The method for symmetry breaking used by Koch et al. is quite different. Here they consider a circulator, a device functionally similar to the optical isolator described above. This multiport device will tend to circulate photons in a sense defined by an external magnetic field. By connecting atom-cavity systems—in this case defined by superconducting qubits in microwave resonators—via circulators, rather than just tunnel junctions, a definite chirality to the photon hopping is ensured. This chirality, combined with a graphite lattice of atom-cavity systems, generates a kagome lattice. This latter innovation allows new possibilities including interaction-induced topological phases and tunable band structures.
Building a photonic lattice with circulators might be feasible, but as the authors point out, the large size of commercial ferrite circulators (on the centimeter scale) compared to microwave resonator cavities, places severe constraints on the design. What is required is an on-chip solution compatible with lithographic techniques. One means of breaking time-reversal symmetry for charged particles is the Aharonov-Bohm effect. A particle with the possibility of following two paths, which enclose a vector potential, will feel a different phase shift for each path, dependent on the enclosed flux. In a similar fashion, the authors show that a three-junction Josephson ring enclosing a flux can act as an on-chip circulator (Fig. 2), although care is required to tune the circuit so that symmetry breaking can occur. Fabrication of such a structure appears entirely compatible with conventional lithography, and hence one would expect that a working quantum emulator is not far behind.

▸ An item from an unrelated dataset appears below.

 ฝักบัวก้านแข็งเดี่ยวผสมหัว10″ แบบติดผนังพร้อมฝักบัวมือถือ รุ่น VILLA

Emulation of fractional quantum Hall states will offer significant new insight into the fundamental properties of these strongly correlated states. This has led to significant interest in the generation of synthetic electromagnetic fields in quantum degenerate gases [10–13]. The work of Koch and co-workers  provides the toolbox for building a new class of photonic lattice quantum Hall emulators. As in the case of quantum degenerate gases, this lattice will enable direct probing of the many-body correlated states, as the quantum state of each cavity can be read independently. Specifically, this will allow the investigation of synthetic electromagnetic fields in the photonic lattice, where the interactions between the photons can be tuned. For example, in the photon Mott-insulator regime, the play off between the photon repulsion and a synthetic magnetic field may lead to strongly correlated many-body states that have strong analogies to the many-body states responsible for the fractional quantum Hall effect observed in two-dimensional electron gases.
The authors thank Andrew Hayward from the University of Melbourne for useful discussions.